Algorithms to battle heartworm disease
Emerging viruses such as the coronavirus responsible for the COVID-19 pandemic are a growing challenge. But another source of infectious disease cannot be overlooked: parasites, organisms which are everywhere, living together with us in a coevolution of millions of years – and a public health issue that affects more than one billion people worldwide, according to the CDC.
Far beyond that, parasites are also a growing burden to companion animals. Global innovation is needed. And that is why our Animal Health scientists, together with partners from the University of Melbourne, Australia, are searching for new therapies against Dirofilaria immitis – responsible for heartworm disease, which leads to severe lung and heart failure in dogs and other animals, including cats and ferrets, often with a fatal outcome.
With global warming and changes in precipitation patterns, this parasitic infection is spread by mosquitoes and appears to be increasing worldwide, making it urgent to responsibly control its spread and also to develop safe treatments.

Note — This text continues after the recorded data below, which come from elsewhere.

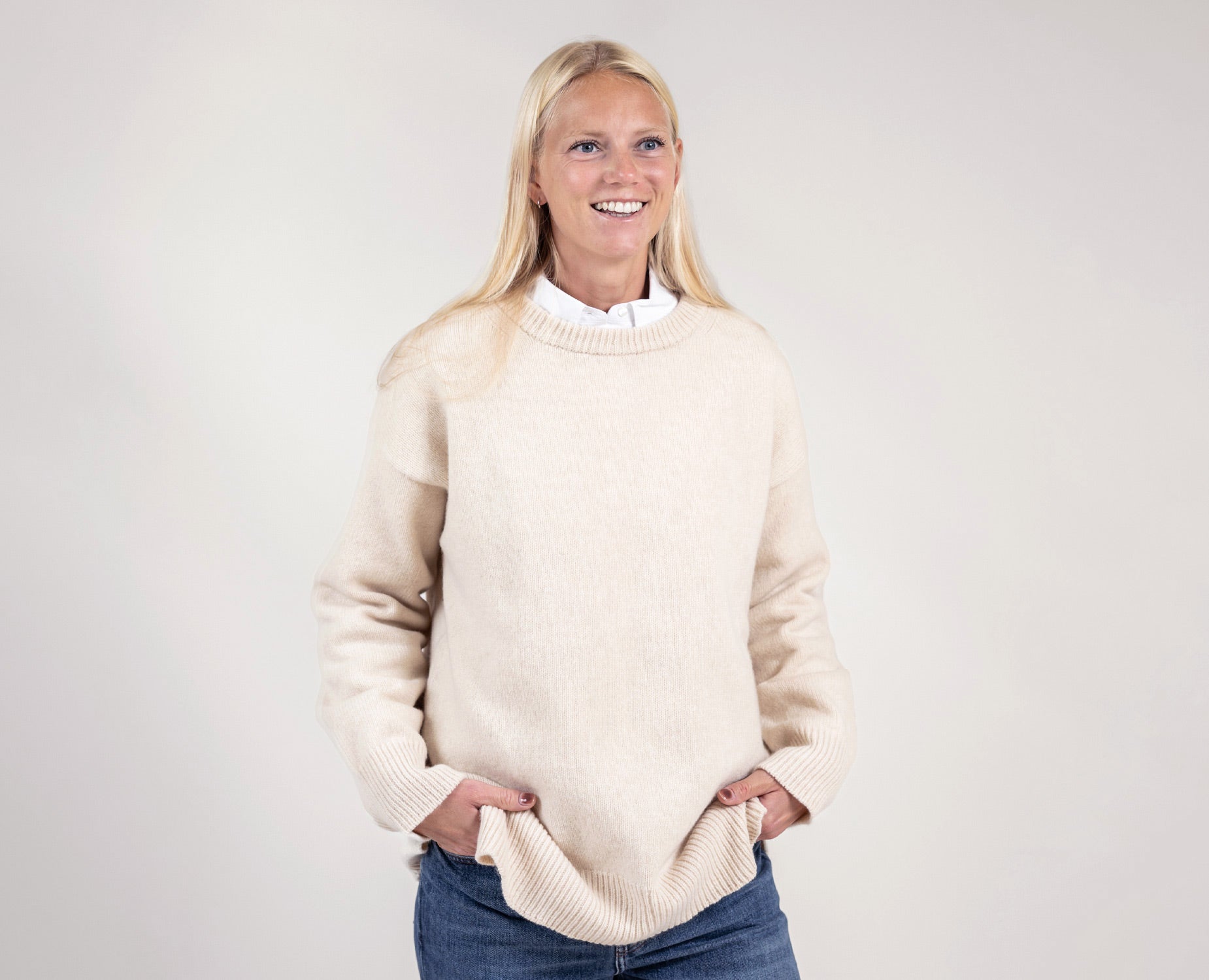 A slightly oversized, crew neck knitted sweater in the softest lambswool, a natural product that is both recyclable and biodegradable. The yarn in the Lou Sweater is made in the UK and comes entirely from healthy sheep that have not been subjected to mulesing. The sweater is in a straight model with open ends in the side seams for a more elegant fit. Turn-down sleeves with 2x2 rib. The Lou Sweater is available in Cherry Blossom, Ivory and Light Blue.
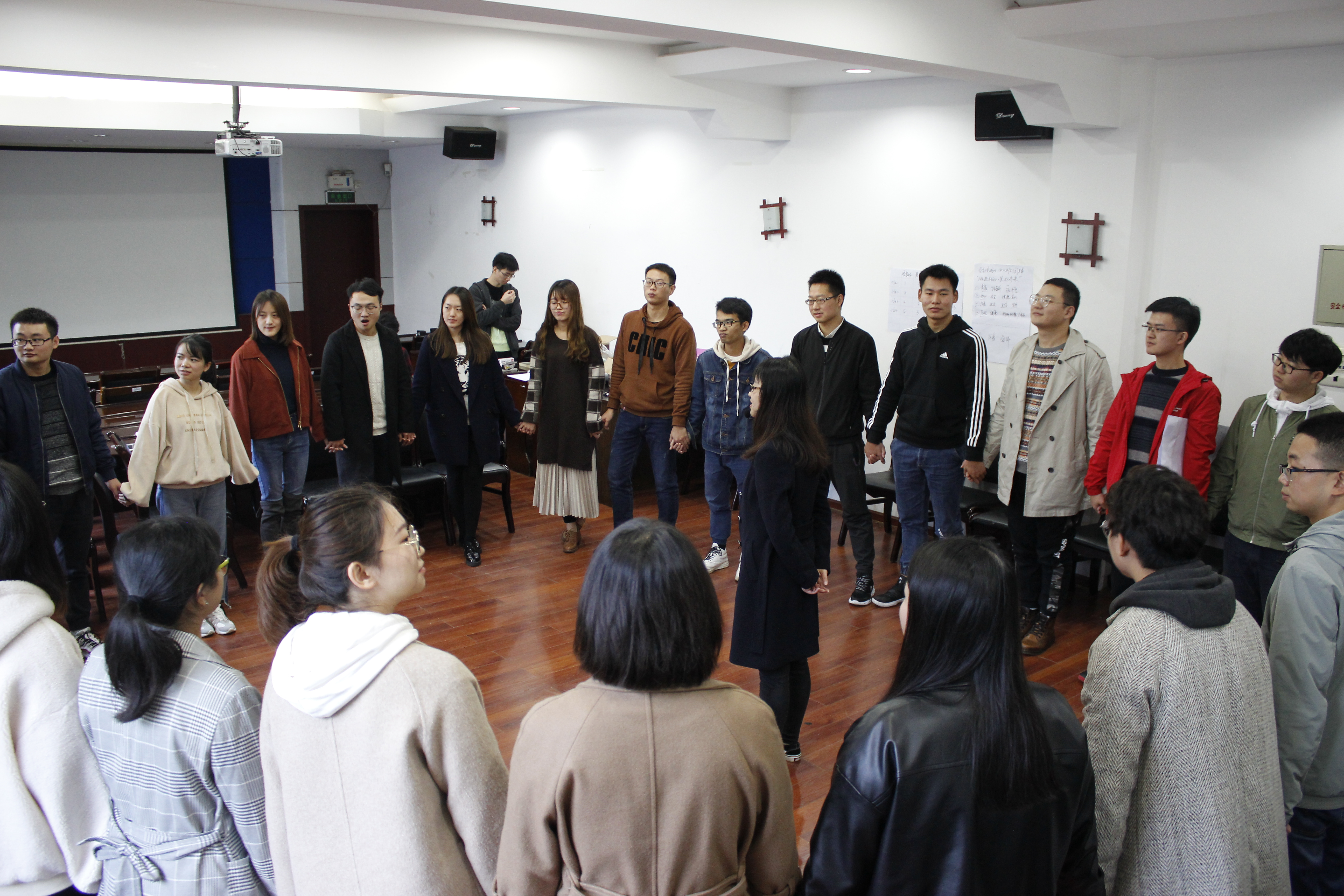 此次系列活动旨在通过开展多样化的趣味性活动和交流环节,增进同学之间感情,在轻松活跃的气氛中帮助同学们找到生活的价值与目标。老师们首先带领同学们围成一圈互相捶背按摩,缓解紧张情绪,放松自我,活动在轻松愉悦的氛围中拉开序幕。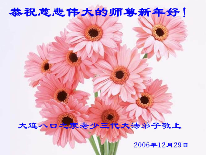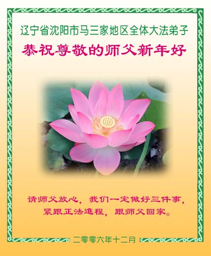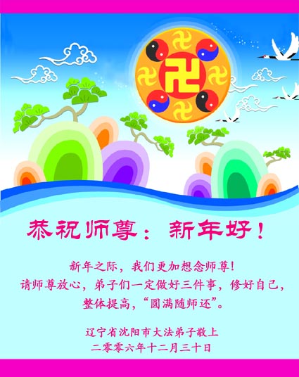 新年将至,中共恶党迫害大法仍在继续。我们大法弟子怎么办?那就是认真学法,兑现史前大愿。运用师父给予大法弟子的智慧把三件事做的更好,稳健走好每一步,让师父放心。 祝师父新年快乐! 石家庄大法弟子 二零零六年十二月二十八日 辽宁省盖州市大法弟子向师尊问好!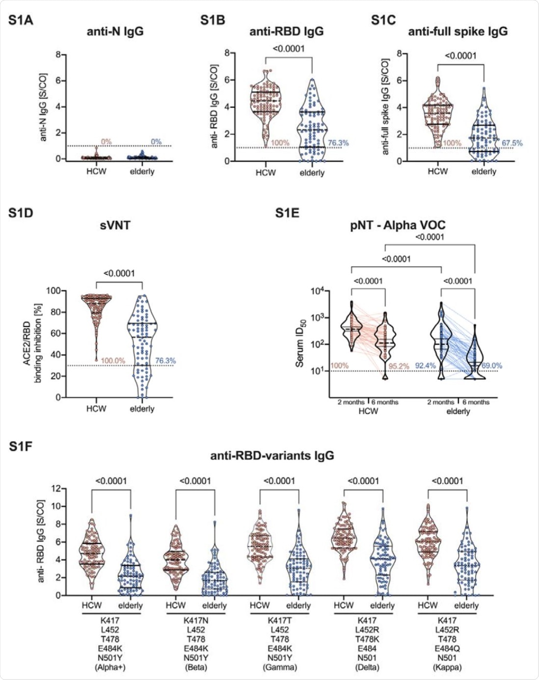 The current study revealed that the anti-SARS-CoV-2 S1-immunoglobulin G (IgG) seropositivity rates decreased in the elderly group as compared to the HCW group six months post-vaccination. The researchers also found that the lowering of anti-RBD- and anti-full S-IgG levels in the serums of the elderly group was more pronounced than HCWs. The current study also reports a significant decrease in surrogate virus neutralization (sVNT) titers among the elderly at 56% as compared to 88.1.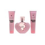 O kit Thank U Next reúne a fragrância feminina em 100 ml com itens complementares de cuidado corporal (loção e gel de banho 100 ml cada) — ideal para quem quer uma experiência completa de perfumação + cuidado. A fragrância reflete um estilo jovem, divertido e empoderado.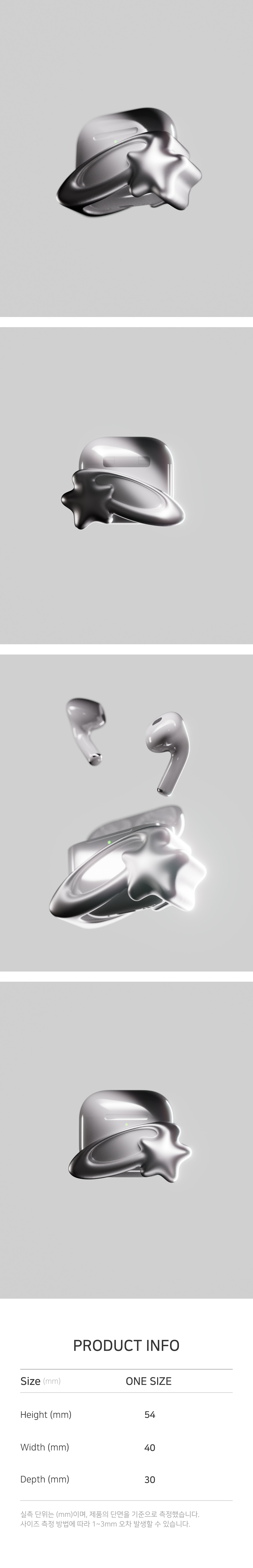 Season .ERA Material Plastic Size Airpods 4 Detail 시그니처 패키지 / Signature Package Y2K 스타일의 스타 쉐입 / Star Shapes in Y2K Style * 제작 공정 상 내부 사각지대에 미도색된 부분이 있을 수 있으며, 이는 교환, 환불의 대상이 아닙니다. * There may be unpainted parts in the inner blind spot during the manufacturing process, which are not subject to exchange or refund.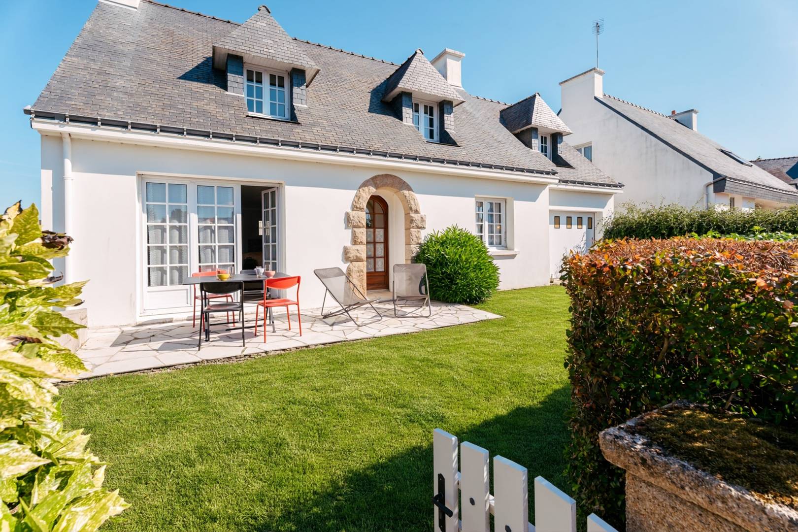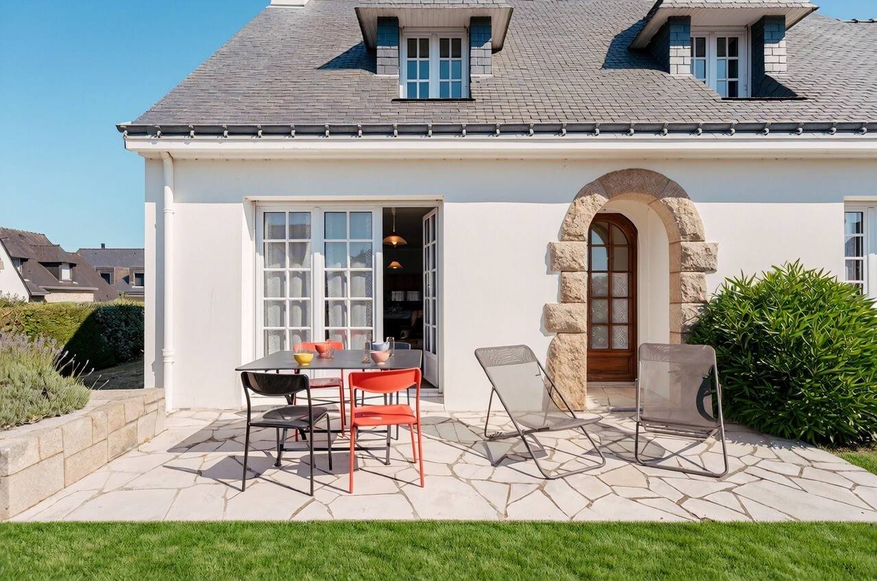 1 km from the centre of Carnac and 2.5 km from the Grande Plage, 6-room neo-Breton style house (approx. 106 m²) for 9 people with enclosed garden, peacefully situated in the “Clos de Kervégan” residential development :

Since October 2022, an international team of scientists has joined forces under a program of the Australian Research Council (ARC) to investigate and eventually discover novel and resistance-breaking interventions against heartworm - all with an innovative approach supported by artificial intelligence.
“Particular genes, proteins or molecules involved in the survival, growth or even the spread of the parasite within the host organism can be exploited as druggable molecular targets. We are trying to identify which key molecules can be targeted with naturally– or synthetically–derived compounds to control and cure parasitic infection,” says Paul Selzer, Head of New Mechanisms Parasitology.
ChatGPT in science? No! But machine learning contributes
Finding these targets is no easy task. But the work has been seeing important progress thanks to the collaboration with our partners from the University of Melbourne. Members in the Gasser Lab, including Dr. Tulio Campos, together with Dr. Pasi Korhonen and Dr. Neil Young, have established machine learning-based methods that can identify essential genes in an organism’s genome. They used intrinsic features of the proteins to train the machine learning model to search for targets, offering a broader knowledge of parasite’s genomic information.
This is a bit like searching for a needle in a haystack. The first step is sequencing the missing parasite genome and transcriptome information. The latter means all the messenger RNA molecules present in the parasite’s cells. But the sequence information is not the only thing, as parasites undergo life cycles with different stages. One cannot forget that depending on the parasite, some stages are in the host animal, some in the vector (for example, a mosquito), some outside – a characteristic that adds extra layers of complexity to the research.
“For this reason, it is very important to decide which life cycle stage of the parasite needs to be tackled. We need to fully understand, and we need to know exactly which of the molecular targets is crucial in which life stage of these parasites,” explains Paul.
Responsible parasite control for One Health
Efforts to fight heartworm disease can also open new paths to tackle gastrointestinal nematodes (GINs), other parasitic worms living in vertebrates which pose a major threat to the health and well-being of companion animals, livestock, and also humans.
“There is a lot of work to be done about responsible parasite control. The prevention of parasite infections in animals is not only necessary for animal well-being, and the human–animal bond, but it also reduces the risk of potential parasite transmission to humans,” summarizes Paul.